Stablecoin Report Explains How Confidence in Algorithmic Stablecoins Could be Restored

Algorithmic stablecoins became the “focal point” of the crypto industry in May, following the depegging of UST from the US dollar “which triggered the LUNA bloodbath,” the team at Huobi notes.

The report from Huobi pointed out that this had “a knock-on effect on other algorithmic stablecoins, resulting in the market cap for the top 5 shrinking from $23 billion to less than $4 billion before May 22 – a sharp 82.6% decrease in merely 2 weeks.”

Algorithmic stablecoins, which form a critical asset class in the crypto industry, “are digital tokens that are backed by a sufficient level of cryptocurrency as collateral.”

Huobi also mentioned that this makes it possible “to mint stablecoins efficiently using crypto assets with high price volatility.”

In the aftermath of the UST and LUNA collapse, a report from Huobi Research Institute titled “Revival of Algorithmic Stablecoins: 4 Things to be Done” has “identified the following criteria for algorithmic stablecoins” to succeed:

1. Full-backing assets (backed by exogenous or external assets)

Algorithmic stablecoins “backed by endogenous assets could face collapse when the value of both falls concurrently.”

Conversely, the risks “would be limited if backed by exogenous assets, as the price would be more inclined to correct after a depeg.”

The rationale for burning an algorithmic stablecoin is “to mint extra assets for collateral, which will result in a severe depreciation of underlying assets or even a collapse of the whole system.”

The collateralized ones “have a default risk, as some of the users may not retrieve collateralized assets, in part or in full.”

2. Robust stabilization scheme

A robust stabilization scheme “should function independently regardless of the status of the protocol, serving its purpose when the price falls below 1 USD and hedging the risk of depeg for the system.”

Trades by users would “trigger an adjustment of the system to control the circulation supply, to maintain the price of the stablecoin at 1 USD.”

When the price of a stablecoin falls below 1 USD, the above stabilization mechanism “could exert considerable selling pressure on the underlying assets, further increasing the possibility of the system entering a death spiral.”

The degree of openness of redemption venues, however, “may determine the extent of the selling pressure on the underlying assets or stablecoin.”

3. Flexible asset management strategies

A reserve fund, while being costly, “could benefit both the protocol and users in terms of enhancing system stability and drawing more users.”

Two types of strategies “are most commonly seen: an Algorithmic Market Operations (AMO) strategy which absorbs profits from market-making activities in DeFi protocols with the reserve; and an auto treasury management strategy which profits from the market using the “buy low and sell high” approach.”

4. Abundant application scenarios.

An increase in application scenarios will “naturally drive demand for algorithmic stablecoins.”
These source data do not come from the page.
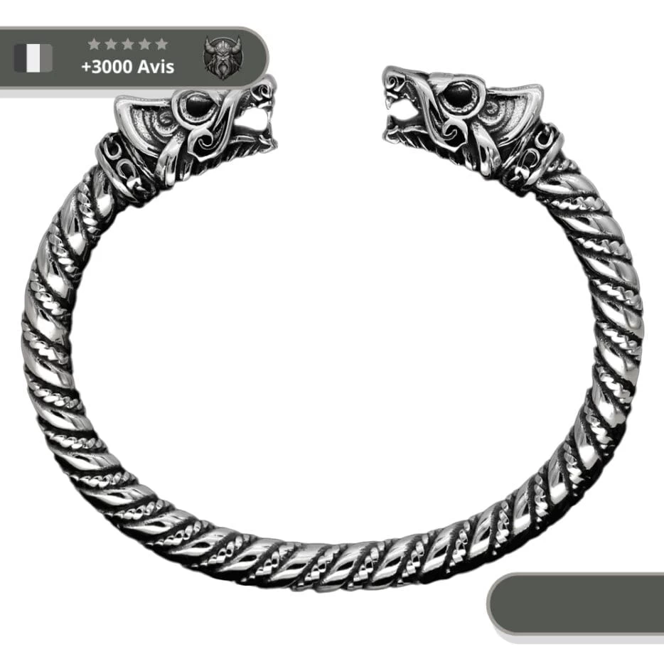 Notre merveilleux bracelet en acier inoxydable, qui s’inspire des torques vikings, comporte deux têtes représentant le serpent de Midgard.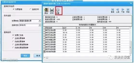 3、发票资料查询打印增加“设置”功能:点击查询打印-发票资料查询打印,增加“设置”功能,可以按月份设置票种显示的税率并进行打印。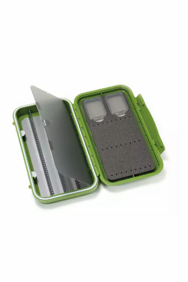 Populær flueboks for laksefiskere. Boksen har 4 langsgående rom til tubefluer. På foam siden har du tubekroker eller krokfluer. Flueboksen har også 2 små rom til mindre ting, som silikonslange biter eller Propellerfly swing tube. Boksen er vanntett.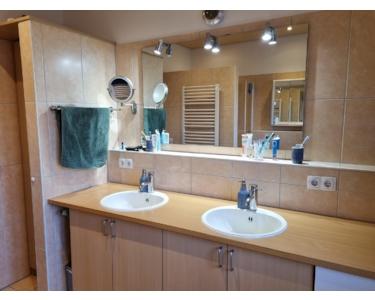 - großes Tageslichtbad mit Dusche, zwei Waschbecken, WC und Einbauschränken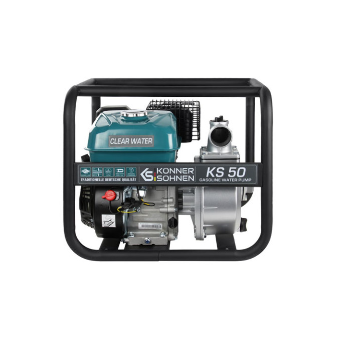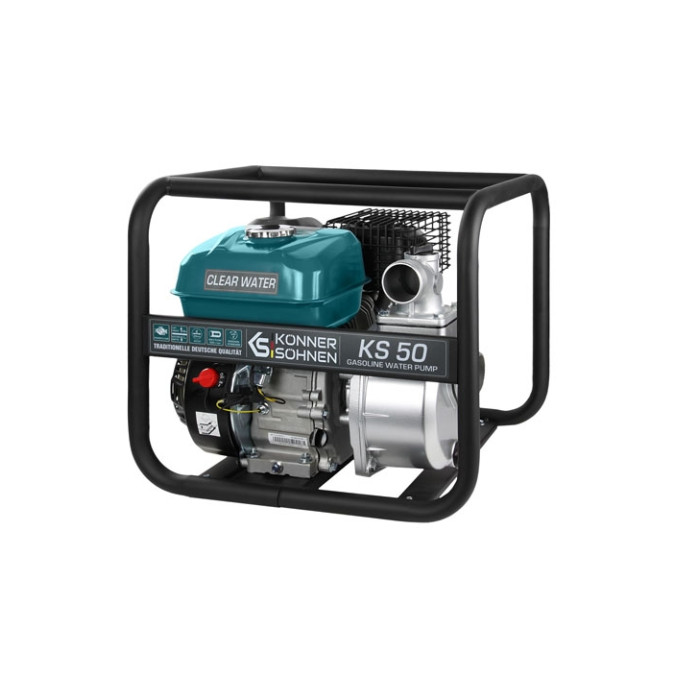 KS 50 water pump is ideal for rural homes, villas, and areas tackling floods. Water pumps for pure water can be used for pumping liquids with particles up to 5-6 mm. Before use, start the engine, let it run for 30 seconds, then stop and add water to improve efficiency.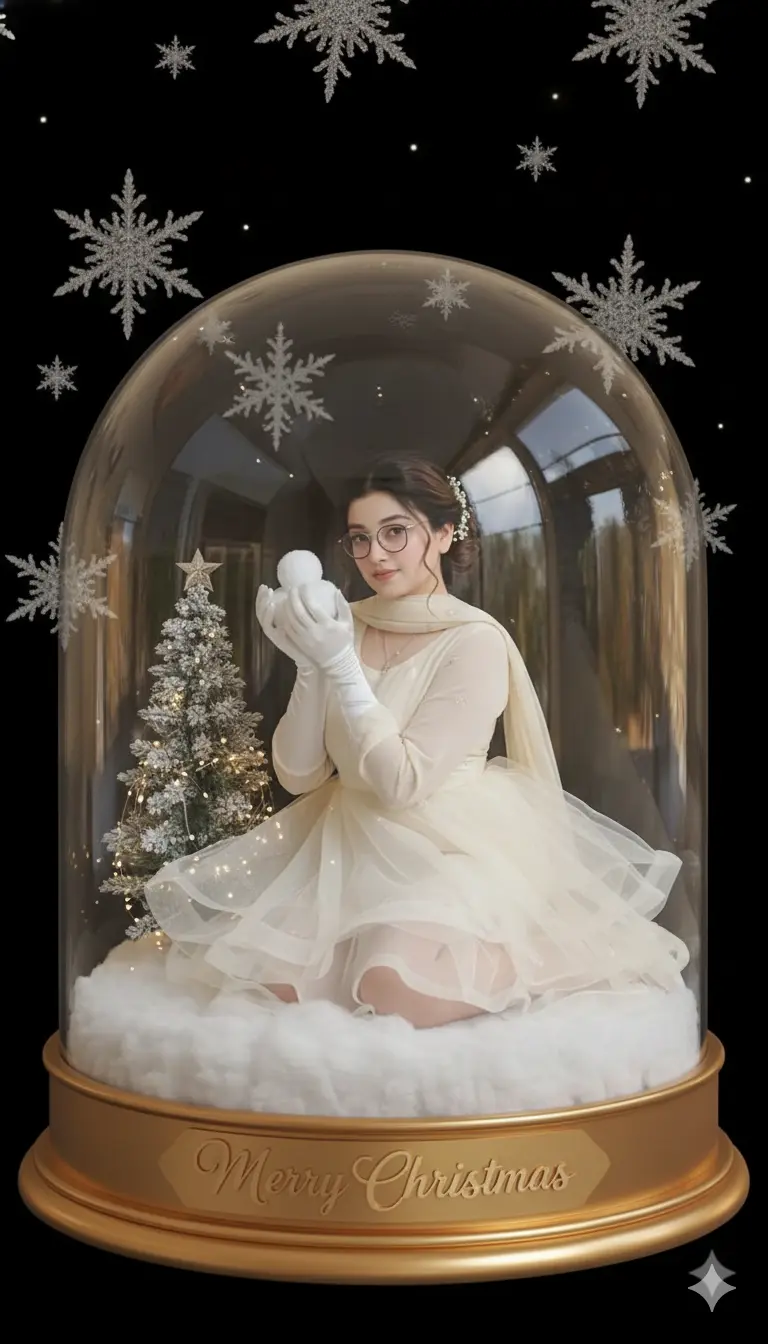 A soft, magical Christmas angel inside a crystal ball with snowballs and a frosted tree — created using the Gemini AI Crystal Ball Photo Prompt for Girls, giving a serene festive vibe.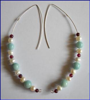 Materials: 925 sterling silver 0.80mm wire; cultured fresh water pearls, rose quartz, amazonite, garnet, cultured fresh water pearls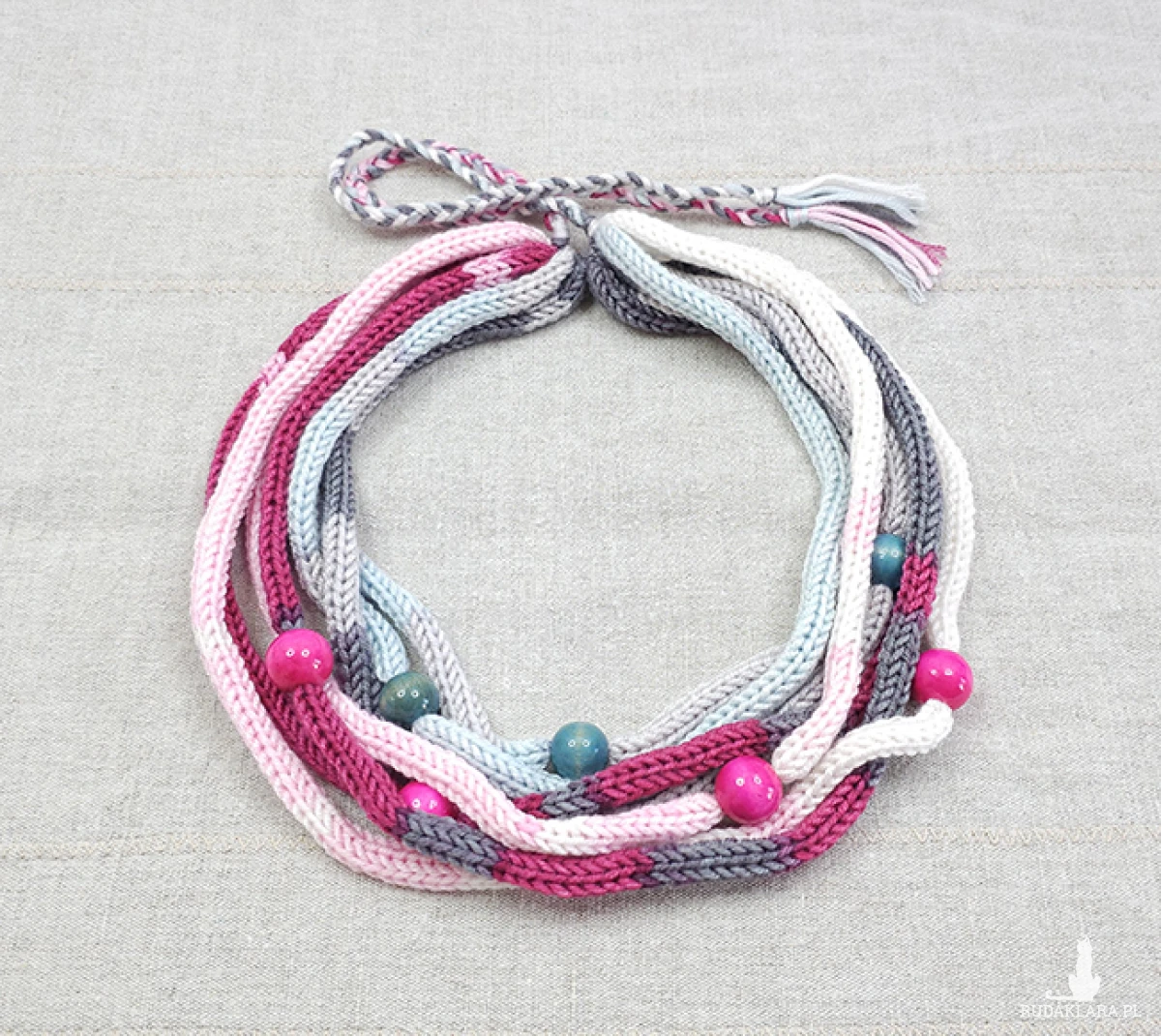 Materiały: włóczka, drewniane koraliki.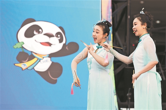 11月7日,在人文交流文藝表演舞臺上,來自四川的表演嘉賓正在表演“非遺”曲藝——四川盤子。

For this to happen, a stablecoin “must have high liquidity and numerous agreements with other protocols, so that it is compatible in various scenarios in different environments.”

As an example, UST has “enjoyed substantial growth owing to the fixed interest rate of 20% on the Anchor platform. USDD from Tron also created various scenarios for potential earnings: an official liquidity pool including SunSwap,, Justlend, Poloniex and Ellipsis; and liquidity mining from the collaboration with Tron Reserve.”
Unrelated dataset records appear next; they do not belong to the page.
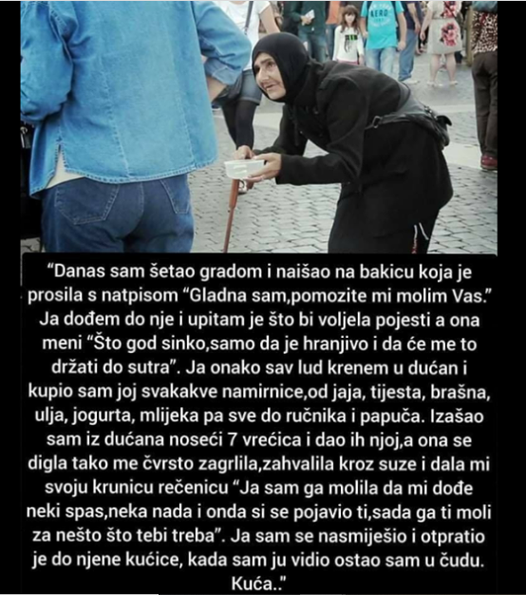 “Danas sam šetao gradom i naišao na bakicu koja je prosila s natpisom “Gladna sam,pomozite mi molim Vas.” Ja dođem do nje i upitam je sto bi voljela pojesti a ona meni “Što god sinko,samo da je hranjivo i da će me to držati do sutra”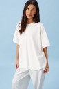 Футболка прямого свободного кроя, выполнена из трикотажного полотна белого цвета. Характеристика: прямой крой, овальная горловина выполнена из довяза, рукав вточной спущенный, край выполнен из довяза, спинка цельнокраеная, на спинке под горловиной брендированная нашивка "ANNETE". Длина по спинке 68см, длина рукава от края горловины 40см.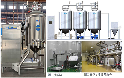 優(yōu)康恩自動化料系統(tǒng)用于對粉料和其它配料進行乳化和水化的混料系統(tǒng)設備。其中真空混料機可在密閉真空容器下進行高速剪切乳化混合綜合產品、各種粉末和液體等,每小時化粉量可達到3T-5T。優(yōu)康恩自動化料系統(tǒng)可利用真空作用將配料輸送到化料設備中,省去了操作工承擔這項繁重工作的需要。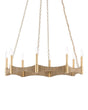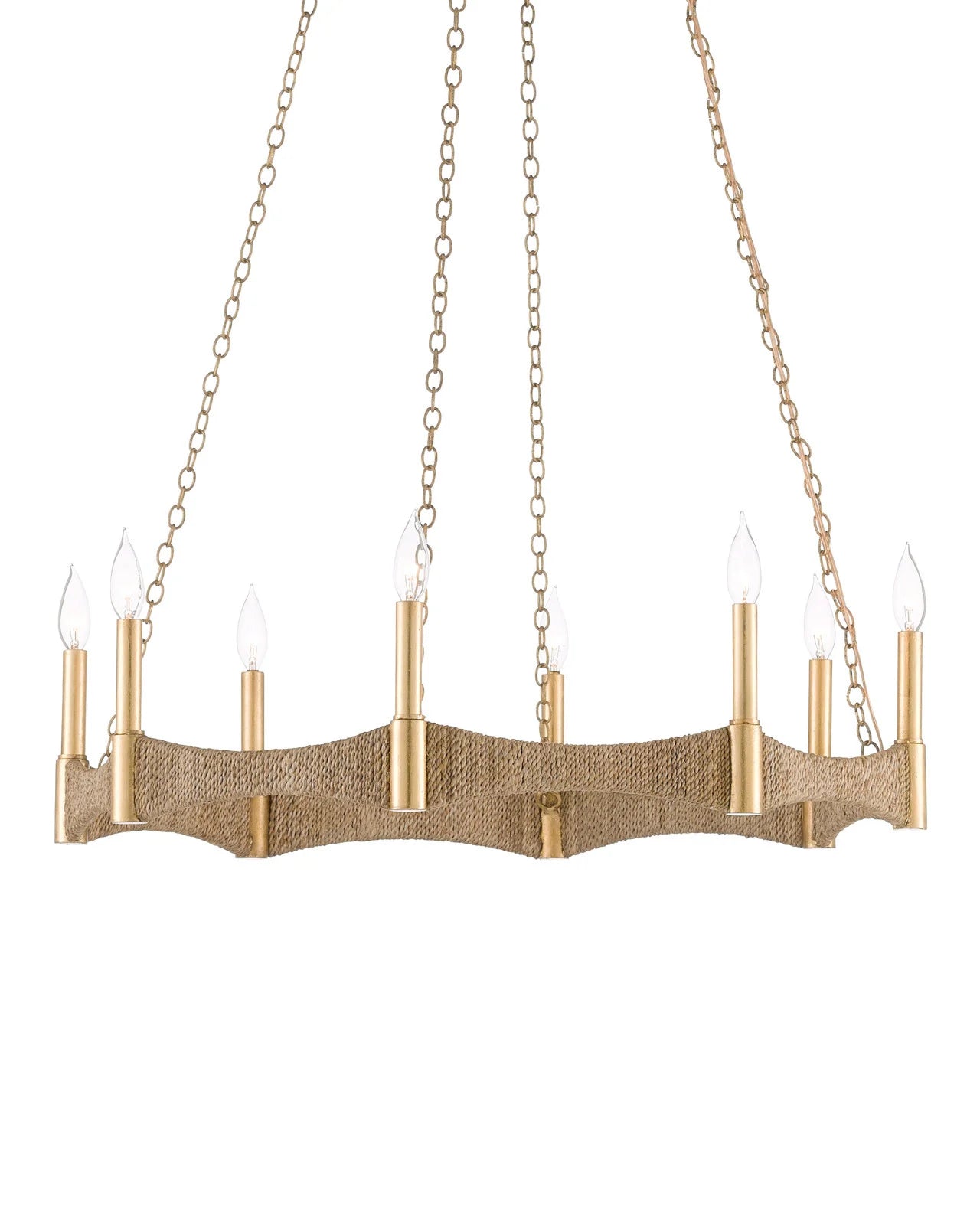Our Mallorca Chandelier has a wavy profile. The band that connects the eight lights is made of wrought iron wrapped in Abaca rope. The bulbs that illuminate this rope chandelier are set on luminous rods in a dark contemporary gold finish.

USD of NEAR could “receive interest from lending protocols such as Burrow, Bastion and Aurigami.”

Huobi Research Institute researcher Barry Jiang said:

“An algorithmic stablecoin can achieve short-term capital efficiency, but its success in the long run depends on the profitability of the stablecoin application. Moreover, a reserve fund is essential for an algorithmic stablecoin, where a high level of liquidity must be maintained by a certain amount of funds from the reserves. While this reduces capital efficiency, the protocol bears the burden instead of users.”

Jiang added:

“Capital efficiency at issuance – and in the long term – must be examined separately; only one can survive at the expense of the other. For users who are more bullish on an asset’s potential for appreciation, using it to overcollateralize can preserve the right to future income. If one is more confident about the near-term development and relatively stable returns of a certain ecosystem, algorithmic stablecoins are a better choice.”
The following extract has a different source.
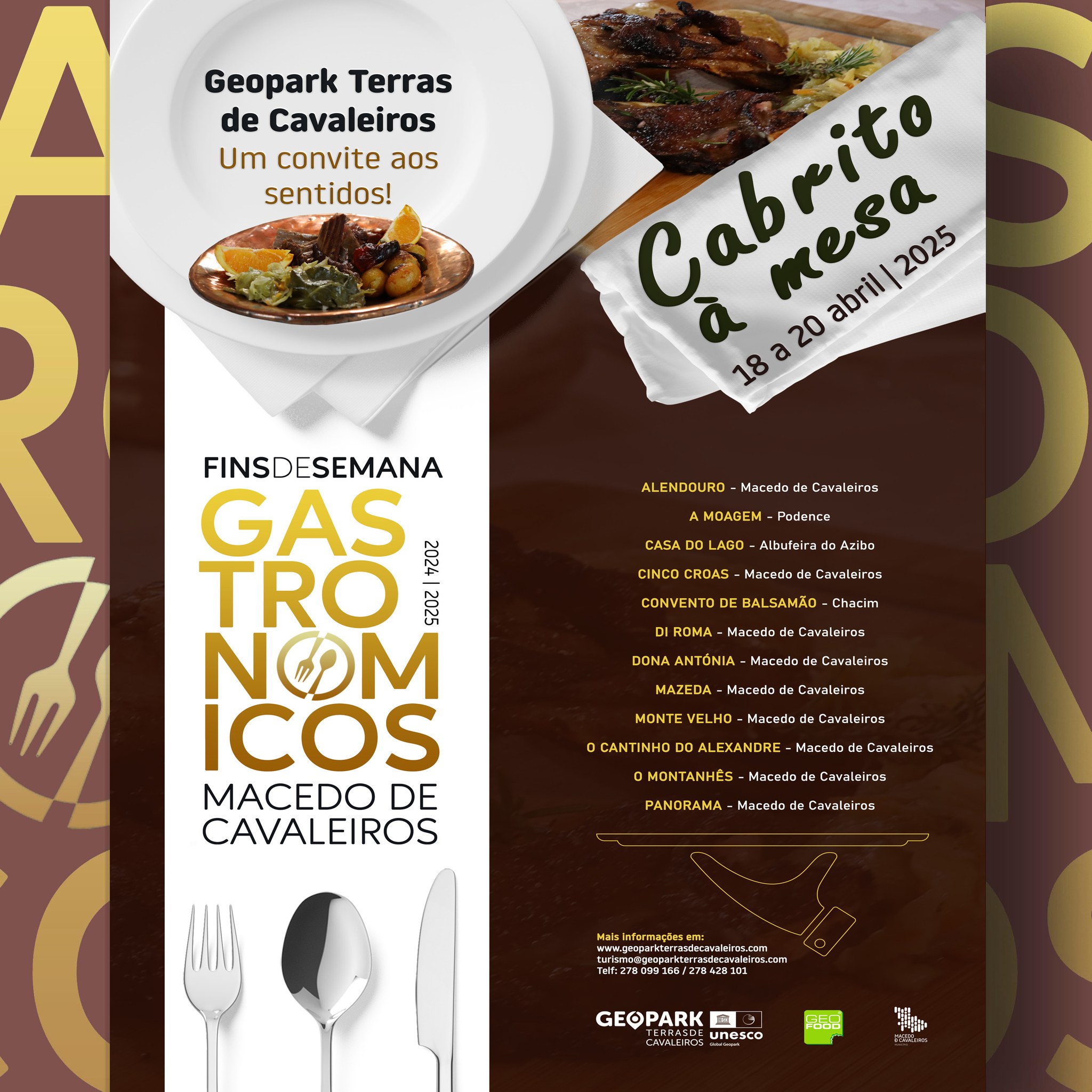 Prepare a data e fixe já na sua agenda, que 18 a 20 de abril, vai decorrer o último fim de semana gastronómico “Cabrito à mesa”, em 13 restaurantes aderentes do concelho de Macedo de Cavaleiros.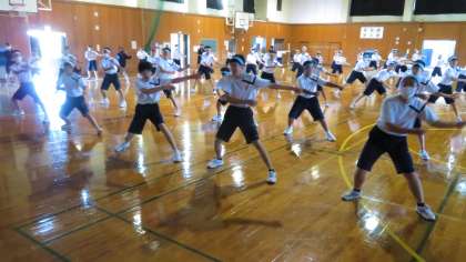 2年2組、3年3組は合同体育で、南中ソーランを練習しました。

To access the complete report, check here.

As covered, Huobi Blockchain Application Research Institute (referred to as Huobi Research Institute) was “established in April 2016.”

It is committed “to researching and exploring new developments in the global blockchain industry.”

Its goal is “to accelerate the research and development of blockchain technology, promote its applications, and improve the global blockchain industry ecosystem.”

Huobi Research Institute “covers industry trends, emerging technologies, innovative applications, new business models, and more.”

Huobi Research Institute partners “with governments, enterprises, universities and other institutions to build a research platform that covers the entire blockchain industry.”

Its professionals “provide a solid theoretical basis and analyze new trends to promote the development of the industry.”